A modest recovery is expected to get under way in 2024, with Germany’s Bundesbank central bank recently forecasting growth of 0.4 per cent.

“We see a silver lining for the economy in 2024,” said KfW chief economist Fritzi Koehler-Geib.

“Thanks to strong real wage growth, private consumption in particular is likely to pick up again.
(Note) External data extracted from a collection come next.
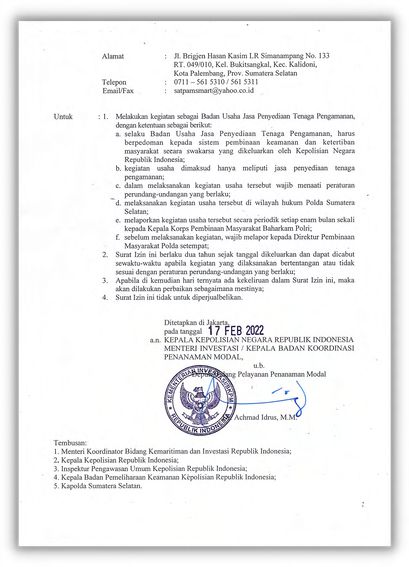 SIO Mabes Polri - KANTOR PUSAT : PALEMBANG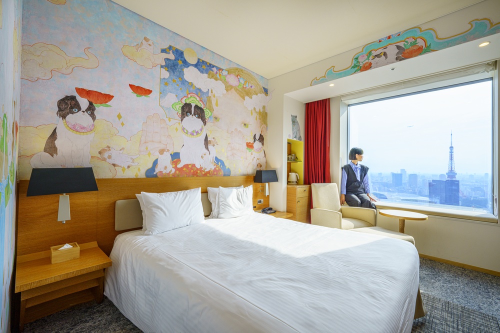 I visited several Artist Rooms right away. Room 3404, created by Yumi Hosaka and titled “Kawaii,” has an immersive quality that makes you feel as though you’ve stepped into the world of ukiyo-e or Japanese Nihonga painting, yet there’s also a wonderful sense that you could somehow relax here… The backstory is that the room was created with Japanese aesthetic sensibilities in mind, while also envisioning how guests would spend their time. The best part is the cute cats, dogs, and deer—their faces full of personality. It’s a room that makes you want to stay in this space forever.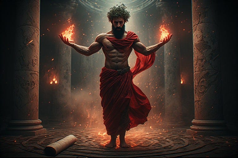 Beads of moisture glisten on his skin—sacred evidence of labor in the Great Work. Like a forge radiating heat, his body emanates warmth that touches those around him, kindling in them the first spark of their own potential metamorphosis.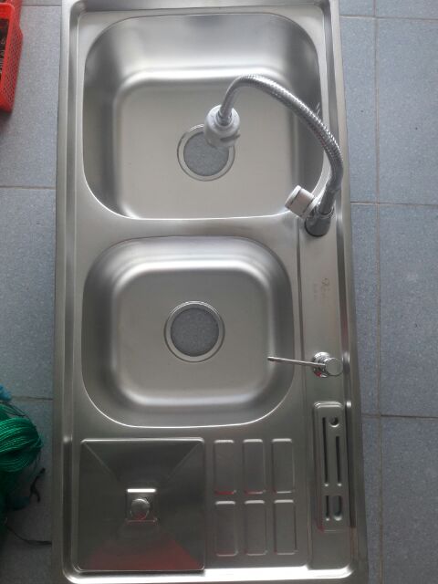 Chậu rửa chén 2 hộc Inox có hố rác và bình xà bông.Sản xuất bới Kali.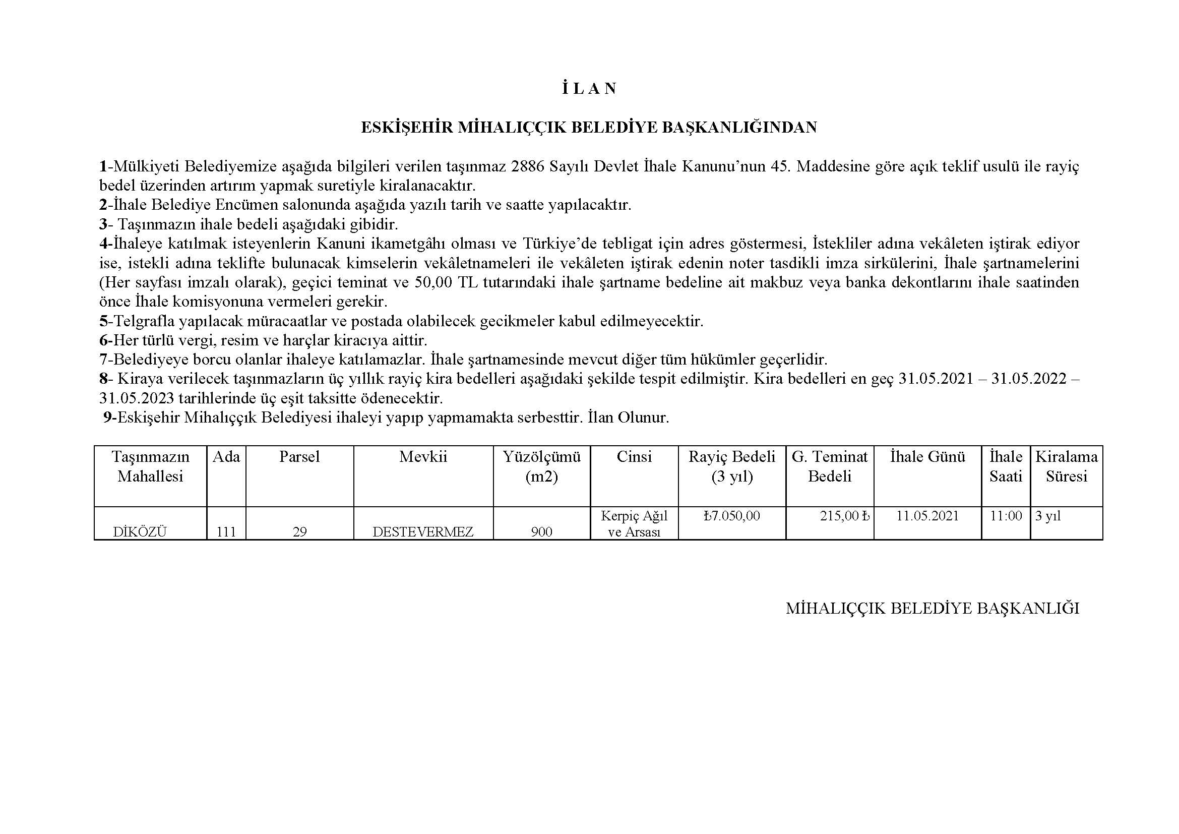 Mülkiyeti Belediyemize aşağıda bilgileri verilen taşınmazlar 2886 Sayılı Devlet İhale Kanunu’nun 45. Maddesine göre açık teklif usulü ile rayiç bedel üzerinden artırım yapmak suretiyle kiralanacaktır. (2)

Together with an expected recovery in export demand, gross domestic product is likely to grow,” she added.

But ING bank economist Carsten Brzeski was less optimistic, pointing to fresh uncertainty stemming from the German government’s recent budget upset and shipping delays in the Suez Canal as a result of conflict in the Middle East. 

“Looking ahead, at least in the first months of 2024, many of the recent drags on growth will still be around and will, in some cases, have an even stronger impact than in 2023,” Brzeski said.
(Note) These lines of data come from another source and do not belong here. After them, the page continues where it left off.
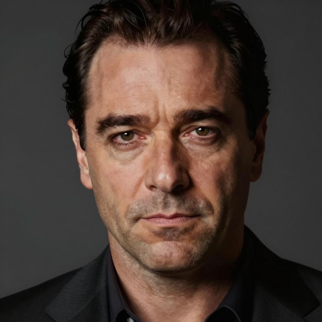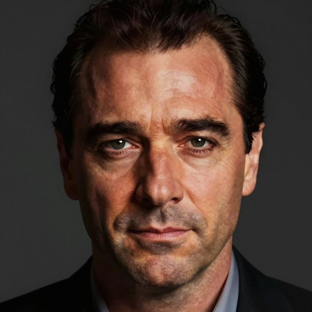 Close-up portrait of a middle-aged man with a focused gaze and a charismatic aura. The image conveys intensity through dramatic lighting and a dark background, reminiscent of themes found in popular crime drama artwork. The subject has short dark hair, brown eyes, and is dressed in a dark suit jacket and shirt.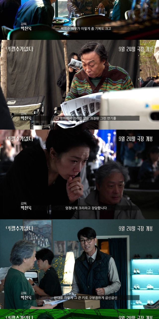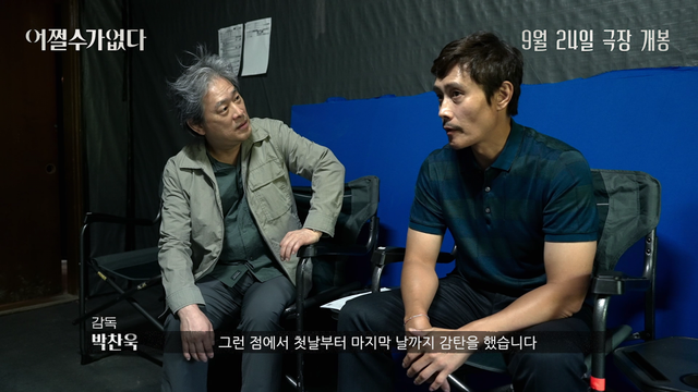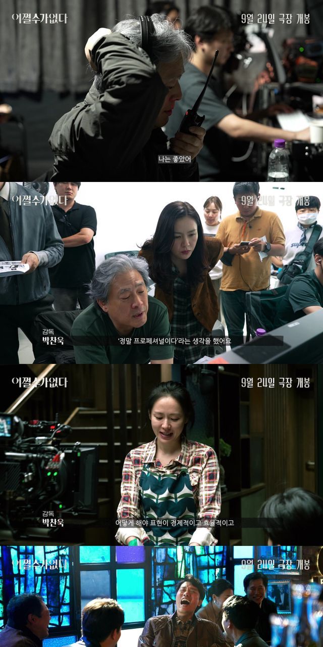 함께 공개된 디렉터스 컷 영상은 박찬욱 감독이 “잘 살고 있던 남자가 해고되면서, 원래의 삶으로 돌아가기 위해서 어떻게 점점 어두운 곳으로 끌려 내려가는지 지켜보는 영화다.”라고 전해 호기심을 끌어올린다. 이어 ‘만수’ 역으로 분한 이병헌에 대해 “정말 많은 표정을 갖고 있고 그것을 필요할 때마다 척척 꺼내 놓을 뿐만 아니라, 빠르게 변할 수 있다는 점에서 감탄했다.”, ‘미리’ 역 손예진에 대해 “새삼스럽게 ‘정말 프로페셔널이다’라는 생각을 했다.”라고 전해 탄탄한 연기 내공을 지닌 배우들의 강렬한 호연을 기대케 한다. 또한 ‘선출’로 분한 박희순에 대해 “기복도 크고 소리도 지르고, 유쾌한 면도 있는 변화무쌍한 캐릭터를 연기했으면 좋겠다고 생각했다.”, ‘범모’ 역 이성민은 “거리낌 없는 과장된 연기를 해본 경험이 있어서, 이번에도 거침없이 했다.”고 전해 이들이 선보일 색다른 모습에 대한 궁금증을 더한다. 여기에 ‘아라’ 역 염혜란에 대해서는 “처음부터 확신을 갖고 있었다.”, ‘시조’ 역 차승원은 “강렬한 인상과 반대되는 굽신거리는 연기를 하면 재미있겠다고 생각했다.”며 극에 남다른 존재감을 더할 배우들의 강렬한 연기를 예고한다. 마지막으로 박찬욱 감독이 “이병헌 배우가 각본을 읽고 제일 먼저 한 질문이 “웃겨도 돼요?”였다. 내 대답은 “웃길수록 좋지”였다.” 고 전한 만큼, 긴장감 넘치는 필사의 생존극에 더해진 아이러니한 유머는 관객들에게 특별한 재미를 전할 것이다. 이처럼 3차 포스터와 디렉터스 컷 영상을 공개한 ‘어쩔수가없다’는 풍성한 볼거리로 9월 극장가를 사로잡을 것이다.
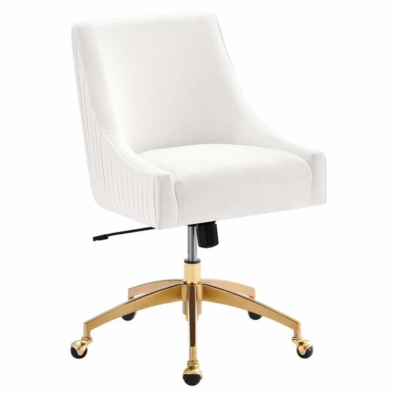 Gently sloping arms cascade down from the flowing design of the Discern Performance Velvet Office Chair. Solidly constructed from wood and plywood, Discern comes with dense foam padding upholstered in stain-resistant performance velvet. Complete with a gold stainless steel base with five hooded single ball casters, matching decorative handle, and pleating on the back of the chair, Discern is a soft and durable addition to your office setting. Create a cozy, customizable seating experience with this stylish office chair featuring pneumatic height-adjustment, 360° swivel, and tilt tension control. Assembly required. Weight Capacity: 331 lbs.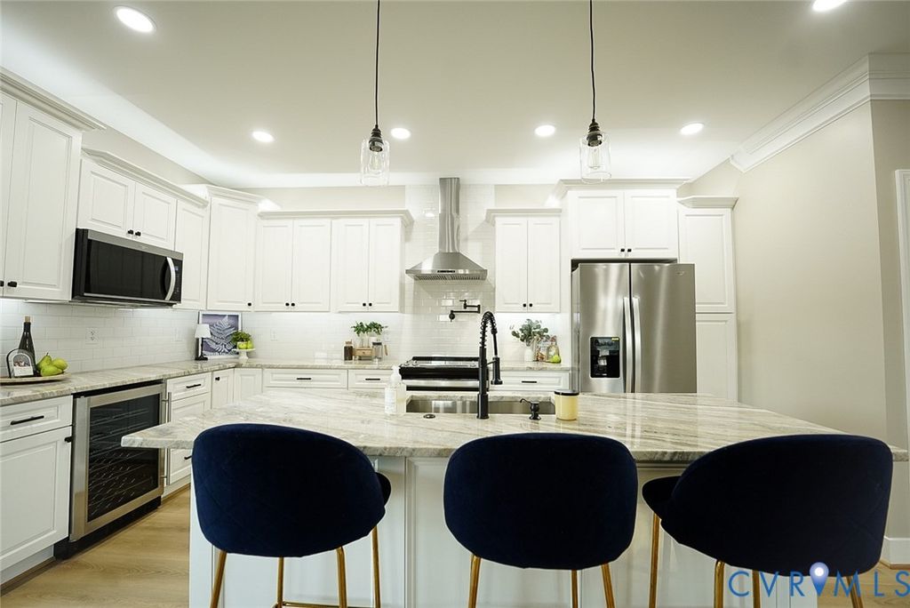 Stunning BRAND NEW home with OVER 0.5 acre lot, in one of the most sought-after and convenient areas in Chesterfield County. This home is loaded with features and upgrades that usually would cost you thousands of dollars with other builders, to include: 9 ft ceilings on first floor, LVP floors throughout, Electric outlets and Recessed lights galore, Custom lighting in steps, Wrought iron balusters, Crown and Custom molding, Beautiful tile/granite work in all baths, Concrete full front porch. Exterior Soffit lighting around house. The kitchen is truly a dream! It offers white cabinets with crown molding and above/under mount lighting, granite countertops, pot filler, all SS appliances including refrigerator and wine cooler, vented to the exterior hood and a huge island. You'll fall in love with the open floor plan. 1st floor bedroom with full bath perfect for in-laws or visitors. Private office/study. Huge primary bedroom with 2 large walk-in closets, double doors and gorgeous private bathroom. Back wooden deck. Easy access to major highways. Tons of shops, restaurants, supermarkets and everything that Hull Street has to offer. The quality of this new construction, along with the location and all the upgrades included, make this home one of a kind! Pictures don't do justice! You have to see it for yourself!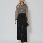 Bluza din voal gri, cu mâneci lungi din tulle cu buline polka dots, combină eleganța cu un aer jucăuș. Nasturii și eșarfele subtiri de la gât adaugă versatilitate, fiind potrivită pentru ținute cu fuste din tulle sau blugi, ideale pentru o seară relaxată dar stilată.

He predicted that gross domestic product would shrink again this year, in what would “be the first time since the early 2000s that Germany has gone through a two-year recession, even though it could prove to be a shallow one”.
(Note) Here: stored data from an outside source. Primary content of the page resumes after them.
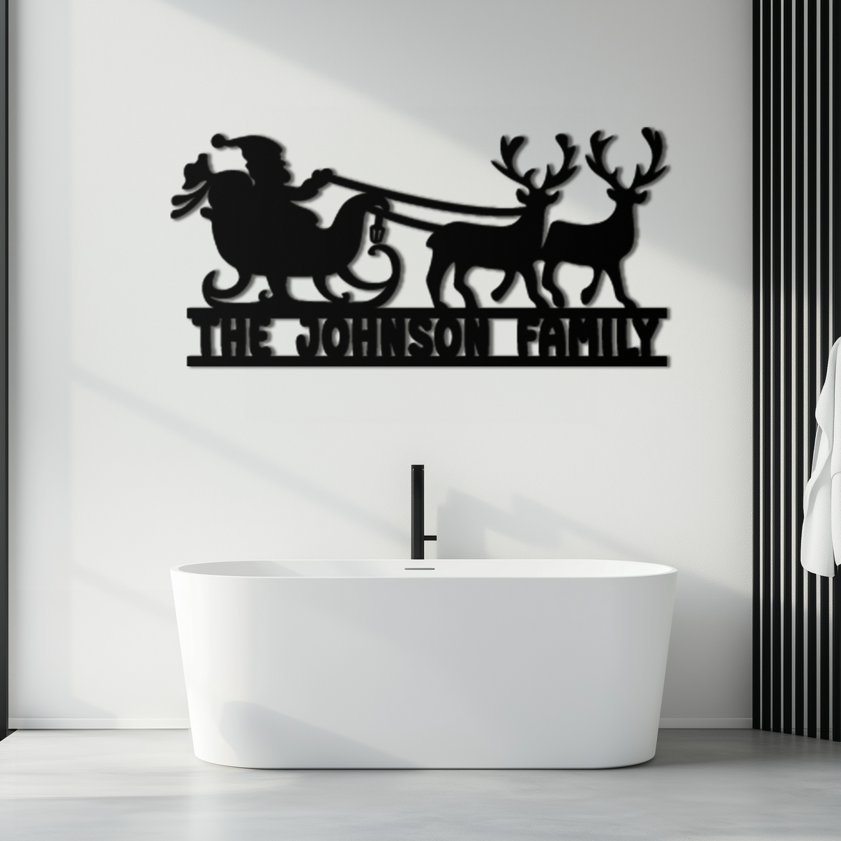 Make your holiday season extra special with this Personalized Santa Sleigh Metal Wall Art. Featuring Santa in his sleigh, led by reindeer, and customized with your family name, this piece is the perfect addition to your Christmas decorations. A heartwarming keepsake that brings joy, nostalgia, and a festive charm to your home.
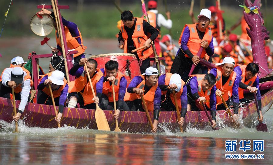 6月25日,參賽龍舟隊在比賽中。當日是農歷五月初五,是中國民間的傳統(tǒng)節(jié)日端午節(jié)。陜西省安康市第20屆龍舟節(jié)在漢江上舉行。每年端陽節(jié)前后,安康沿江一帶的縣區(qū)都舉行龍舟賽,賽龍舟成為民間自發(fā)的盛大活動。新華社記者 陶明 攝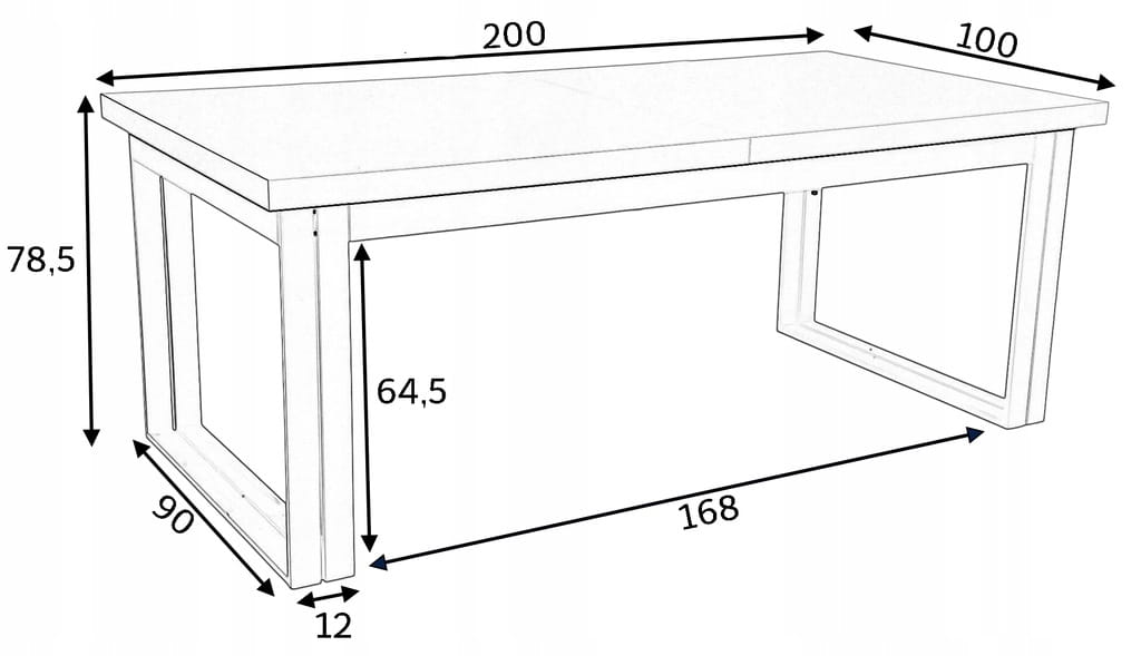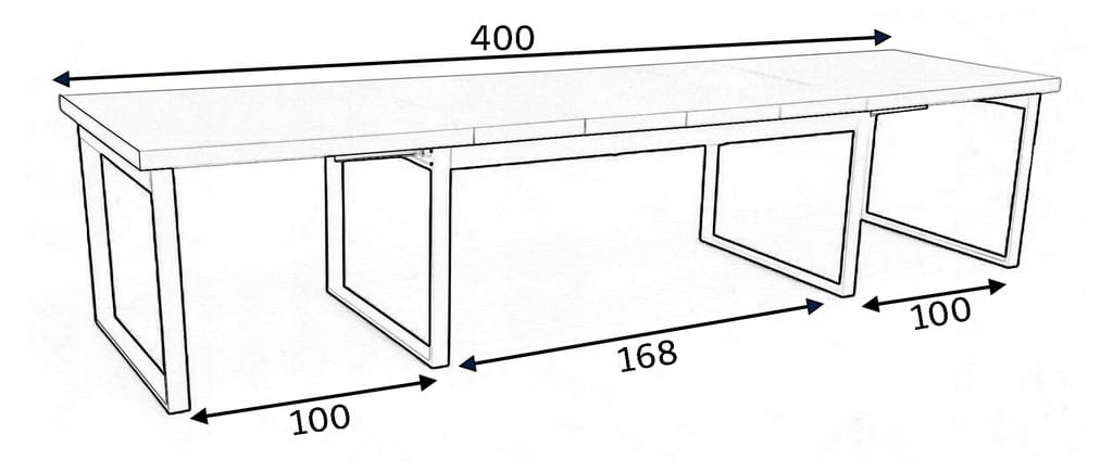 Stół rozkładany na podwójnych nogach metalowych 100x200 + 4x50 cm

Concerns about slowing exports and the slump in the crucial manufacturing sector, coupled with a chronic shortage of skilled labourers, have begun to raise fears of a “deindustrialisation” in Germany.

Chancellor Olaf Scholz’s government, whose popularity has been sliding in the polls, has sought to counter those concerns with pledges to invest heavily in the transition to green energy and in modernising infrastructure.

But a shock court ruling at the end of last year blew a multi-billion-euro hole in the government’s budget, upending its spending plans and leaving Scholz and his coalition partners scrambling to find savings.

Anger over Berlin’s proposal to cut some subsidies for agriculture prompted farmers to stage tractor blockades across the country last week, culminating in a major demonstration in Berlin on Monday.